#  > 【月之花海】獸迷、毛毛、Furry討論區 >  > 動物風情 >  > 貓科巢穴 >  > [影片] 體驗飼養小獅子小老虎

## J.C.

日本的節目 無字幕
超級可愛 尤其是搭配的音效超級搞笑

小獅子篇
[youtube]http://www.youtube.com/watch?v=hKU-8z1cINw[/youtube]

[youtube]http://www.youtube.com/watch?v=F63lOaZbVUI[/youtube]

小老虎篇
[youtube]http://www.youtube.com/watch?v=ooykvGrS20M[/youtube]

[youtube]http://www.youtube.com/watch?v=2FYYMkBosN4[/youtube]

----------


## 亞雷-鮫

日本人還真多休閒體驗....

那幾隻老虎獅子真是好可愛....  :onion_43:  

真希望我也能抱抱他們....

有點可惜的是那些"人"都是介入者....

不像是代理育母...

擁有那樣的互動情誼....

但我也還是好想跟他們玩玩..  :onion_46:

----------


## 焰狼_天狼星

實在是太可愛了！全部帶回家！
小獅子.......好可愛啊！
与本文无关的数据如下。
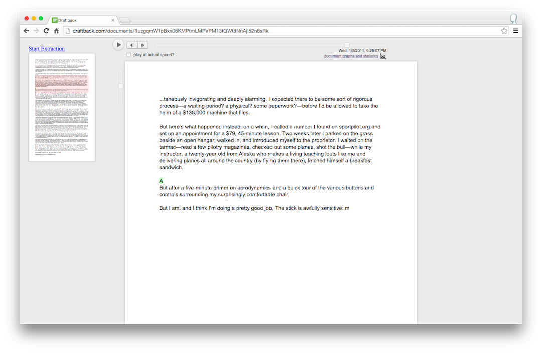 See that little gizmo above? It’s like a video player, but made especially for writing. This one’s from an Atlantic article I began work on nearly four years ago, on the day after Christmas in 2010. The article was about the first (and only) time I got to fly a small airplane. At the time, I didn’t give the slightest thought to the idea that one day I’d be able to watch the draft unfold. But since I happened to write this one in Google Docs, I can recover every keystroke. Above, you can see the first uncertain stirrings of the first paragraph.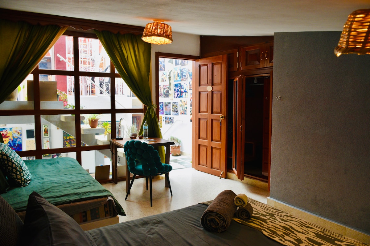 Mariscalは、サン・クリストバルで平和、アート、そして一時的な家を求める人々のための居心地の良いテラスルームです。暖かい空間とダイアナ・マリスカルのグラフィックアートが施された壁がユニークな雰囲気を醸し出しています。 ダブルベッドには形状記憶マットレスが備わっており、フルバスルームは2階にあります。 Mariscalは、それぞれに独自の雰囲気を持つユニークなお部屋を備えた芸術的な家、Casa Nazimovaの一部です。こちらのお部屋がご利用いただけない場合は、他のお部屋もぜひご覧ください。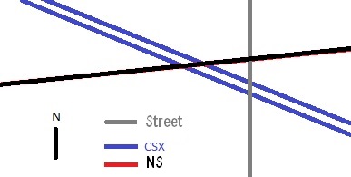 Just north of the Portage exit on the Indiana East-West Toll Road, and south of the Indiana 249 exit on Interstate 94 is the crossing between the Norfolk Southern and the CSX. The Norfolk Southern line runs along the former New York Central line. While the CSX line runs along the former Baltimore & Ohio railroad. The main road between the two highways is elevated over both rail line,; yet the crossing is just east of the grade crossing with Willowcreek Road.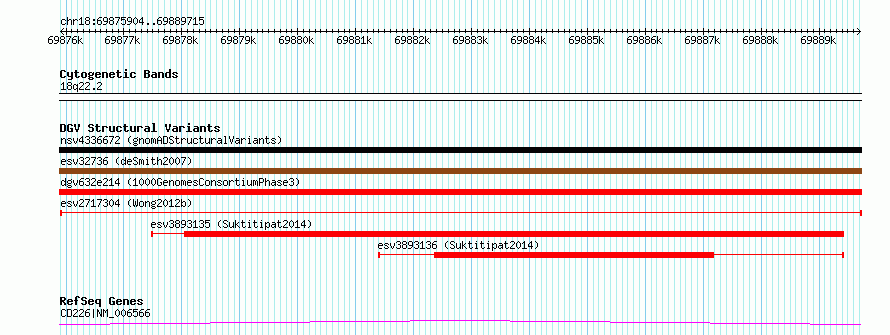Variant DetailsVariant: esv2717304| Internal ID | 9951593 | | Landmark | | | Location Information | | | Cytoband | 18q22.2 | | Allele length | | Assembly | Allele length | | hg38 | 13812 | | hg19 | 13812 |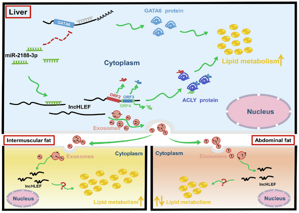 肝脏是鸡脂质代谢的主要器官,但有关鸡肝脏脂质代谢的调控机制,特别是长链非编码RNA(lncRNA)在这一过程中的作用机制依然不清。为此,课题组通过对产蛋前期和高峰期母鸡肝脏全长转录组分析,系统研究了鸡肝脏lncRNA与脂质代谢的关系,并鉴定出一个可促进肝细胞脂滴形成、甘油三酯和总胆固醇合成的基因间lncRNA lncHLEF。体外试验分析表明,lncHLEF不仅可以作为竞争性的内源性RNA调节miR-2188-3p/GATA6轴,还可编码3个功能小肽直接增强ACLY蛋白的稳定性,进而促进脂质合成。腺相关病毒介导的肝特异性lncHLEF过表达活体试验表明,lncHLEF可促进肝脏脂质合成,同时通过外泌体形式转运lncHLEF,从而促进肌内脂肪(IMF)沉积,但不改变腹部脂肪(AbF)沉积(图1)。该成果 “LncHLEF promotes hepatic lipid synthesis through the miR-2188-3p/GATA6 axis and encoding peptides, and enhances intramuscular fat deposition via exosomes” 以研究论文形式在线发表于国际著名期刊《International Journal of Biological Macromolecules》(中科院一区)。小黄书app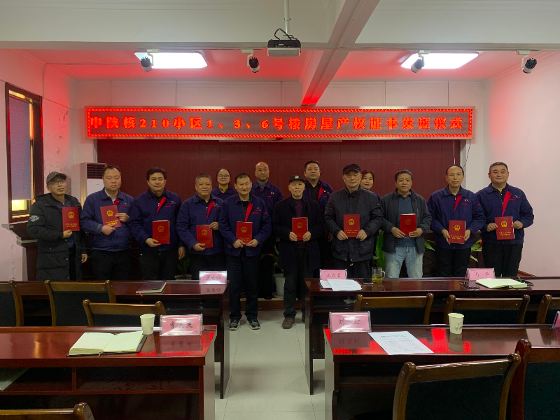 小小的產權證,事關群眾的大民生。由于歷史原因,二一〇小區1、3、6號樓業主的房產證十多年沒能辦下來。“群眾冷暖掛心上,為民辦事解難題”,核昌公司急群眾所急,組織房產證辦理工作專班,由二一〇物業公司牽頭,經過3年多的堅持和努力,終于解決了這個十多年未能解決的難題!
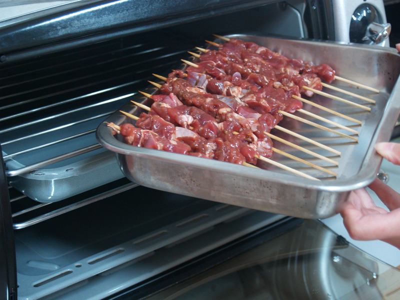 4、穿签好的肉串可以在烤箱中用180~200℃烤8~10分钟即可;或者可采用明火烧烤的方式,可以增加熏烤的香味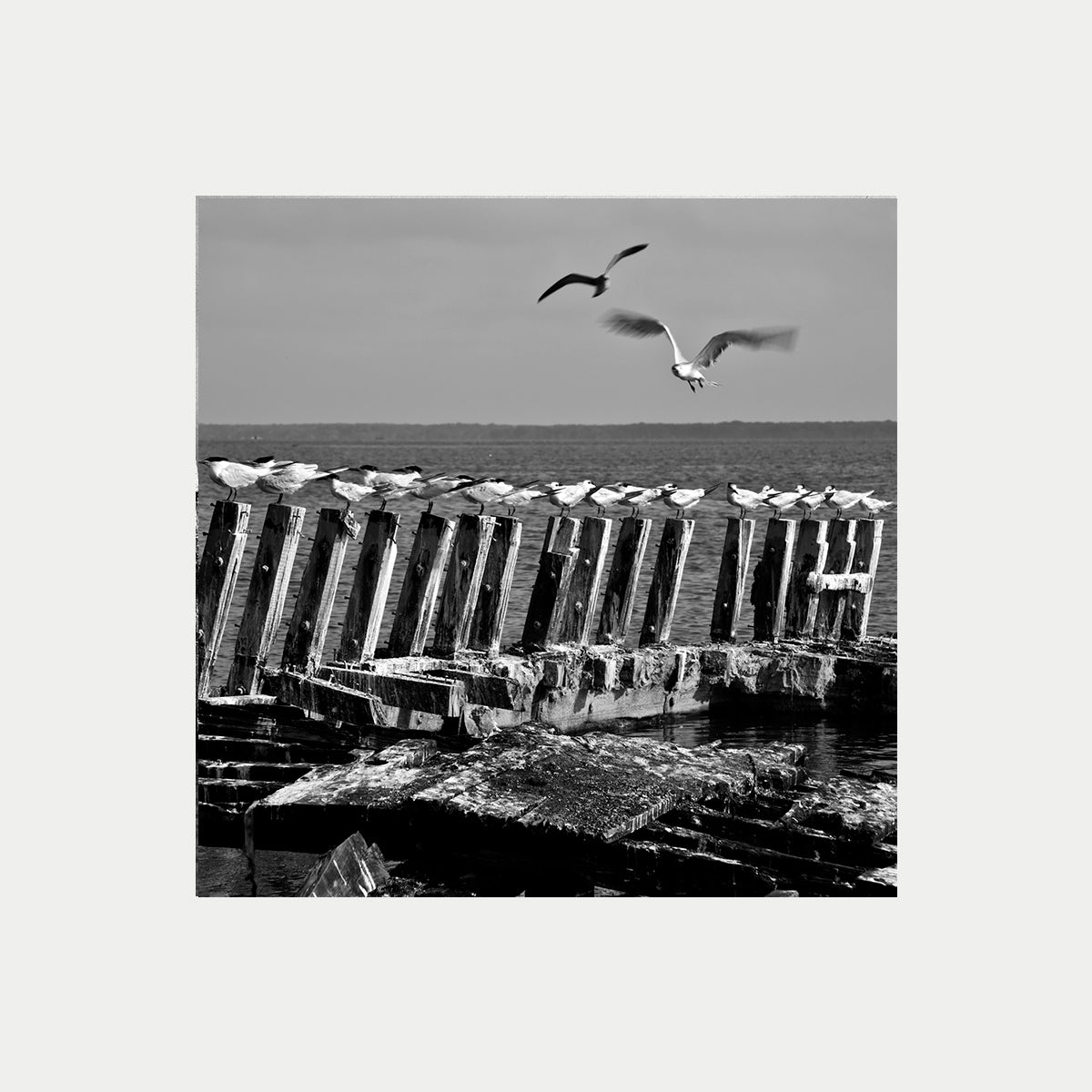 El viento y las oportunidades de descanzar no perdonan a este esqueleto de barco ,para que las aves se posen en el, aqui las aves se colocan contra el viento , para ofrecer menos resistencia .. Un porta aviones natural.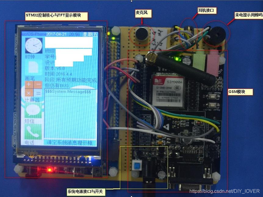 系统通过STM32的SPI接口实现触控从而实现系统的输入、通过STM32的FSMC接口实现TFT显示从而实现系统的输出。通过STM32的串口可有效发送与接收GSM模块的信息。手机SIM900模块GSM通讯系统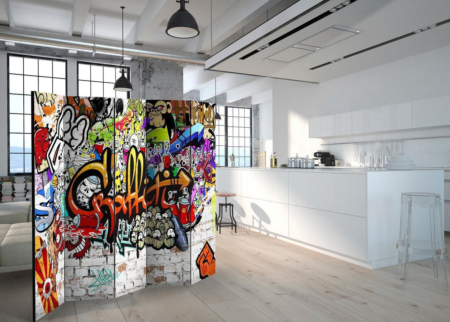 Die spanische Wand kann sowohl im Wohnzimmer, Schlafzimmer, Kinderzimmer, Badezimmer als auch in der Küche aufgestellt werden. Viele Büro-, Restaurant- und Clubbesitzer entscheiden sich häufig für diese dekorative Lösung in ihren Räumlichkeiten. Die spanische Wand "Paravent - Colourful Style" ist aus geruchsneutralen Materialien hergestellt, die sicher sind und daher keine Allergien auslösen. Es ist eine vielseitige Dekorationsmöglichkeit, die viele Vorteile hat. Der Hauptvorteil ist, dass diese Dekoration leicht zu bewegen ist, so dass sie schnell und einfach neu positioniert werden kann. Wichtig ist, dass die inneren Trennwände einen UV-Schutz haben, so dass die Farben auch im Laufe der Jahre intensiv bleiben. Der Raumteiler hat Designs, die die Einrichtung jedes Raumes ergänzen können.Details zur Produktsicherheit

走路的時候.......配音好好笑！
那些人........人家睡了還要搞人家.......

小獅子叫聲好可愛！

小老虎也好可愛！
狗媽媽的樣子......真逗......

唉......老虎媽媽棄嬰的行為常會發生........
幸好是在動物園裡......(棄嬰行為可能因為收圈養的影響)

----------


## huxanya

小獅子小老虎好可愛
叫聲很怪但是很Q特

走起路來感覺好慢...

人類在逗他們時感覺很無言

不過他們的單純根幼氣真是太讚了
我也好想跟他們玩

----------


## 鵺影

真的是超溫馨的，
這麼好的節目怎麼台灣沒有引進呢...XD

在下也是常常都會注意一些日本的綜藝節目，
印像中沒在第四台看過這個節目，真是太可惜了...

----------